Since the coronavirus pandemic hit at the beginning of March, Heather Sullivan estimates she’s applied to more than 100 jobs. “I'm just praying that I get something in the next couple of weeks,” Sullivan said. “Right now I’m just grinding every day, doing whatever I can to try to get a job and hoping that something works out.”

In the meantime, the Quincy resident says unemployment assistance, including an additional $600 weekly unemployment payment, has kept her financially afloat.

“Without the extra $600, I'll basically be bringing in just enough to cover my rent and utilities, not including my car, food, my dog or anything else,” said Sullivan, 31. “It’s not really livable — I did the math, and it’s about $25,000 per year, which isn’t really livable for anybody in the Boston area.”

The extra $600 weekly check — a supplemental unemployment benefit package approved by Congress back in March — is set to expire by the end of this week in most states, which puts Sullivan and some 30 million others across the country in a precarious spot.

When Congress comes back into session this week, lawmakers are slated to debate a possible extension for the supplemental program — which would be a significant help to Sullivan.

“My job that I was furloughed from, I'm obviously not back there yet, and the bar I was working at, that’s not open, either,” Sullivan said. “So it's not like I can go back. Neither of those things is even an option.”

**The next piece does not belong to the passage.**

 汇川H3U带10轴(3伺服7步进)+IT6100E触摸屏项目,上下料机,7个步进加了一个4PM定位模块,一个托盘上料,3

Thomas Kochan, a professor of work and employment research at the MIT Sloan School of Management, says Sullivan’s story is not unusual.

“There's at least 10 or 11 million workers whose jobs have disappeared permanently, so they've got to pivot and find alternative employment,” Kochan said. “Employers are doing their best to bring people back, but it's just not going to happen in the short run for many, many people.”

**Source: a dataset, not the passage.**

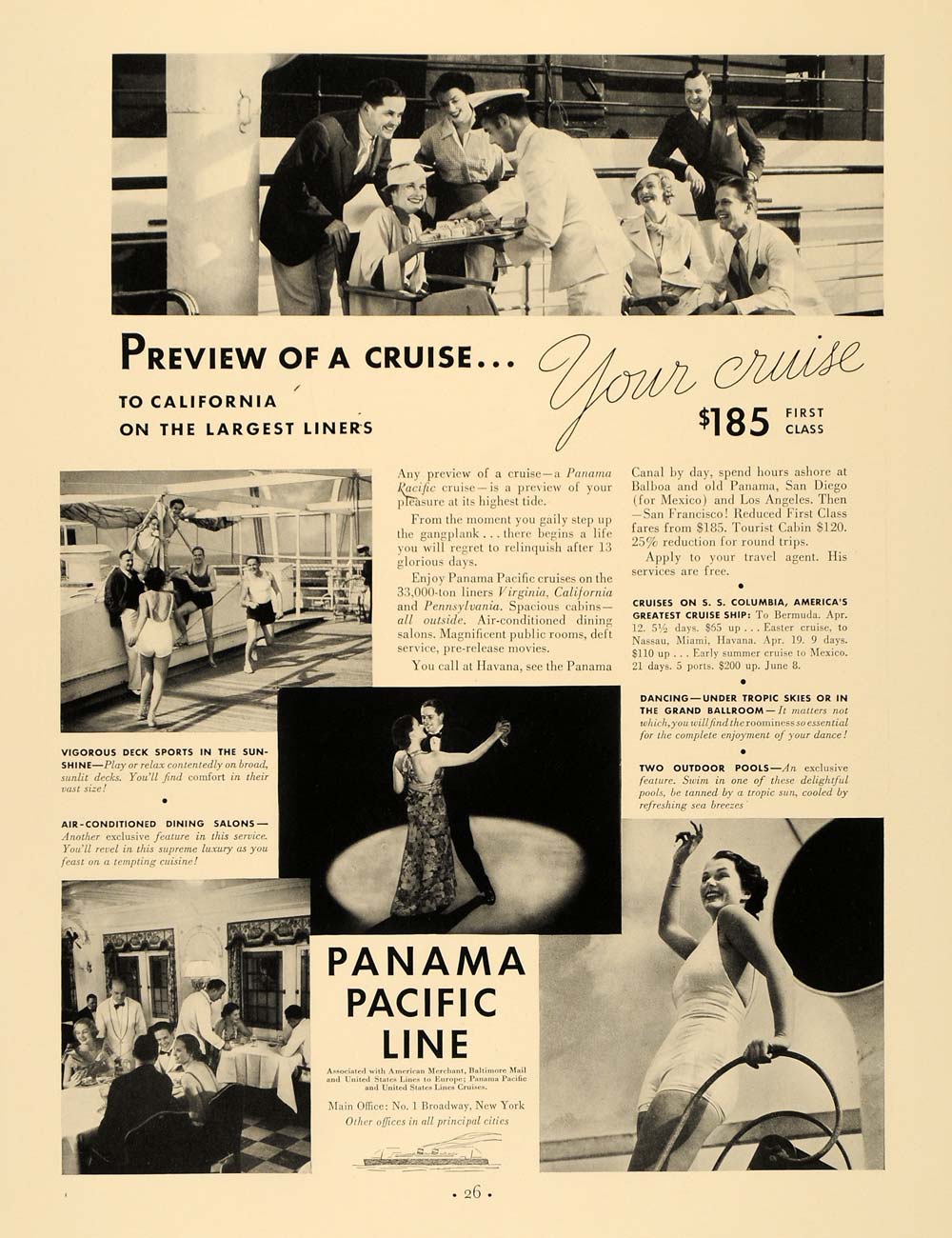 This is an original 1935 black and white print ad promoting the Panama Pacific Line cruise located on 1 Broadway, New York.

Many of those people are Massachusetts residents. The state unemployment rate in June climbed to 17.4%, the highest in the country, according to federal data published Friday. From January through June, the unemployment rate for Black, Latino or Hispanic residents remained several percentage points higher than the rate for white residents, according to research from the Massachusetts Department of Unemployment.

Kochan says Congress now has a responsibility to act quickly to extend the supplemental benefit or come up with another strategy to ameliorate the situation.

“They really have to act, because there are way too many people in the economy who are suffering. And more will be suffering with extended unemployment for the foreseeable future,” Kochan said. “We are facing the worst employment crisis since the Great Depression.”

Kochan’s research at MIT shows a historical lack of agency and expression for employees in America — an issue that Kochan says has been illustrated and exacerbated by the pandemic.

“There is a genuine failure to listen to the workforce in American society, in American politics and in business,” he said. “Congress isn't listening to that. The president isn't listening to that. Some employers aren't listening to that. So we have a big, big challenge of restoring worker voice in American society and an American workplace.”

While Sullivan continues to apply for jobs, hoping to catch a break in a crumbling economy, Kochan says this period is an opportunity to not repeat the mistakes of the past.

“We don't know how much worse it will get, but what we do know is it's going to go on for a long time,” Kochan said. “It took a decade to rebuild the economy and get all of the jobs that we lost in the Great Recession of 2007-2009 back. We can't go through another decade like that. Too many people were left behind.”